[jboss-as7-dev] manual way to do logging?

David M. Lloyd david.lloyd at redhat.com
Thu Jun 7 18:07:47 EDT 2012


On 06/07/2012 04:47 PM, Jim Crossley wrote:
> I really have no skin in this game, but I'm following with deep interest
> because 1) Bill, David, Jason, et al are all very smart and opinionated,
> 2) I happen to believe jboss-logging is over-engineered (though I'm
> willing to give the benefit of doubt to those with deeper understanding
> of the requirements it was designed to meet) and 3) the exchanges are
> often at reality-show levels (fun!). :)
>
> Especially this one:
>
> "David M. Lloyd"<david.lloyd at redhat.com>  writes:
>
> [...]
>
>>>> Calling it a "behemoth" doesn't make it one.
>>>
>>> Let's see:
>>>
>>> 1. Write interface(s) with a method for each thing you want to log
>>> (annotated of course).
>
> [...]
>
>> 1 is a strength so I'm assuming you're not arguing about that.
>
> Wow. That's pretty dismissive of the #1 reason he cites.
>
> Sure I'm a polyglot and all, but sometimes I think you guys too readily
> discount the cost of achieving the perceived benefits of type-safety.
>
> "I want to log a message."
> "Sure, just create an interface and add a method for it."
> "I'm sorry, did you say 'interface'?"
> "Yes, and don't forget to annotate it."
> "WTF?"

Well "pain" is subjective, obviously.  But if you examine the 
prospective implementations top to bottom, you'll see that ours performs 
better, in addition to solving requirements that Bill thinks are 
irrelevant but are in fact not optional.  Believe it or not but we *did* 
this analysis.

> If having to create an interface method for each thing you want to log
> doesn't exceed your "developer pain threshold" then it's set way too
> high (or your IDE is numbing the pain) and that will inevitably lead to
> complex, over-engineered systems.

Log and message operations execute in O(1) time; only the languages used 
are loaded, and JIT can optimize the piss out of the resultant simple 
classes.  I don't see what you're saying here because all I'm reading is 
FUD, and particularly weak FUD to boot.  It's so very very easy to spit 
out truisms without bothering to do the homework to find out what you're 
actually talking about.

Next person to throw around the term "over-engineered" gets to be the 
next one to rewrite the AS.  It's just FUD unless you define it.  I 
define it to be "contains extraneous features".  This logging mechanism 
contains no extraneous features; everything in it is meant to meet a 
specific requirement and it does so admirably.

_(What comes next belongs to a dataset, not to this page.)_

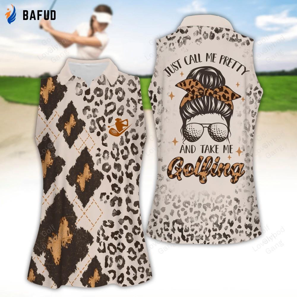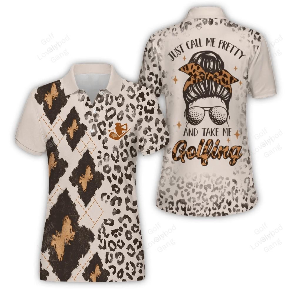 Introducing our Just Call Me Pretty Leopard Argyle Women Golf Apparels - the perfect blend of style and performance for the modern female golfer. Stand out on the course with our funny golf shirt, designed to add a touch of humor to your game. With its eye-catching leopard argyle pattern, this golf polo shirt will make you the envy of your fellow golfers.

> So you have to acknowledge that cost before Bill or anyone not
> intimately familiar with the logging requirements will appreciate how
> much value he's getting. And it better be a crapload 'cause that cost is
> HIGH!

It's really not.  The only way I can measure cost is in runtime 
performance, development overhead, and (and this is the punch line) the 
translation team, who actually have a MUCH LARGER stake in this than any 
of us.  And I think we hit it out of the park in all three areas.

How many projects are there that you can think of that could even be 
arsed with real research and requirements gathering in the first place, 
rather than just shitting out some random code and then going on a rock 
star tour to promote it?  If meeting requirements exactly to a T is 
"over-engineering" then call me the over-engineer.

> Sorry to prolong the dialog, but you guys don't seem to be
> communicating.

There has been more than enough communication.  There has not been any 
real useful contributions though; just the likes of "OMG, interfaces are 
so bloated".  Are they?  Well shit, let's tear down the house.

If someone else can provide an implementation that solves all the 
requirements (including, yes, compile-time verification) that is 
demonstrably better in the three axes above, I'm more than happy to 
concede the point.  But if all you're going to do is piss and whine, 
you're just wasting everyone's time.